The Knowledge Base article provides a manifest of the files in the patch package. The easiest way to verify that you've installed the patch correctly is to verify that these files are present on your computer, and have the same sizes and creation dates as shown in the KB article.
What is Microsoft doing about this issue?
- Microsoft has delivered a patch that eliminates the vulnerability.
- Microsoft has provided a security bulletin and this FAQ to provide customers with a detailed understanding of the vulnerability and the procedure to eliminate it.
- Microsoft has sent copies of the security bulletin to all subscribers to the Microsoft Product Security Notification Service, a free e-mail service that customers can use to stay up to date with Microsoft security bulletins.
- Microsoft has issued a Knowledge Base article explaining the vulnerability and procedure in more detail.
Where can I learn more about best practices for security?
The Microsoft TechNet Security web site is the best to place to get information about Microsoft security.
How do I get technical support on this issue?
Microsoft Product Support Servicescan provide assistance with this or any other product support issue.
Download locations for this patch
Exchange Server 5.0:
Exchange Server 5.5:
Note: The patch for Exchange 5.0 can be applied on systems running Exchange Server 5.0 Service Pack 2. The patch for Exchange 5.5 can be applied on systems running Exchange Server 5.5 Service Pack 3. It is included in Exchange Server 5.5 Service Pack 4.
Additional information about this patch
Installation platforms: Please see the following references for more information related to this issue.
- For Exchange Server 5.5, Microsoft Knowledge Base (KB) article Q275714, http://support.microsoft.com/default.aspx?scid=kb;en-us;275714&sd=tech
- For Exchange Server 5.0, Microsoft Knowledge Base (KB) article 834130, http://support.microsoft.com/default.aspx?scid=kb;en-us;834130&sd=tech
Microsoft thanks Art Savelev for reporting this issue to us and working with us to protect customers.
Support: This is a fully supported patch. Information on contacting Microsoft Product Support Services is available at http://support.microsoft.com/contactussupport/?ws=support.
Security Resources: The Microsoft TechNet Security Web Site provides additional information about security in Microsoft products.
The information provided in the Microsoft Knowledge Base is provided "as is" without warranty of any kind. Microsoft disclaims all warranties, either express or implied, including the warranties of merchantability and fitness for a particular purpose.
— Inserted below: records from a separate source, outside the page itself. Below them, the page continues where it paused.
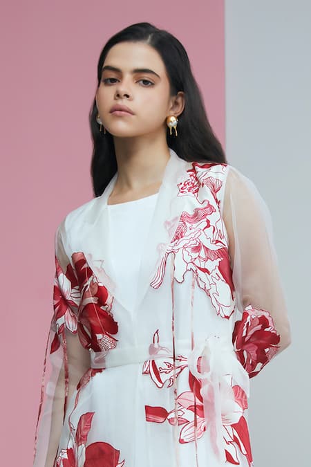 White dress featuring a boat neck and A-line silhouette, paired with a lapel collar organza jacket. The jacket is adorned with red rafflesia bloom applique details and has full sleeves.
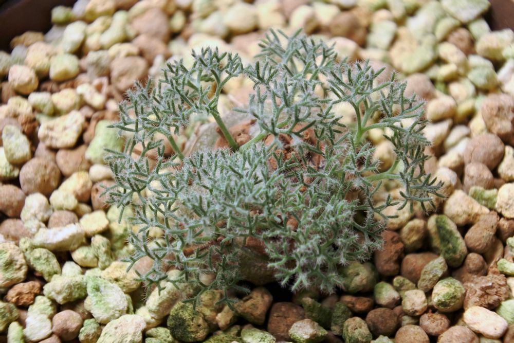 モンソニア・ペニクリナムの腰水していない方は、成長がゆっくりで、本体の色が渋めで、葉の色も渋めで伸びは少ないです。腰水している方との違いがとても興味深いです。
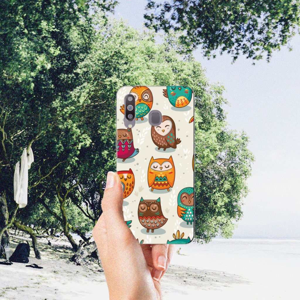 Deze Samsung Galaxy M30 TPU Hoesje met Vrolijke Uilen is echt iets voor de nachtbrakers onder ons. De uil is zoals je weet bij uitstek een vogel die in de nachtelijke uren actief is. Ben jij ook iemand die s ’nachts tot leven komt, dan is deze tpu case met uilen in felle kleuren echt iets voor jou. Als je tot in de late uurtjes op stap bent, komt het goed uit dat jouw smartphone zeer goed is beschermd met deze tpu case met uilen. De case met uilen heeft opstaande randen aan de voorzijde, waardoor het touchscreen de grond niet raakt als de smartphone uit je handen valt. Verder is het onbreekbare TPU zeer flexibel en schokabsorberend. Dit komt het design ten goede. De zijkanten van de TPU case met print van uilen worden niet bedrukt, maar de bovenzijde wel. De wat ruigere types hebben veel baat bij deze tpu case met uilen in felle kleuren.

In no event shall Microsoft Corporation or its suppliers be liable for any damages whatsoever including direct, indirect, incidental, consequential, loss of business profits or special damages, even if Microsoft Corporation or its suppliers have been advised of the possibility of such damages. Some states do not allow the exclusion or limitation of liability for consequential or incidental damages so the foregoing limitation may not apply.
- October 31, 2000: Bulletin Created.
- V2.0 April 13, 2004: Bulletin updated to advise of the availability of an update for Exchange Server 5.0.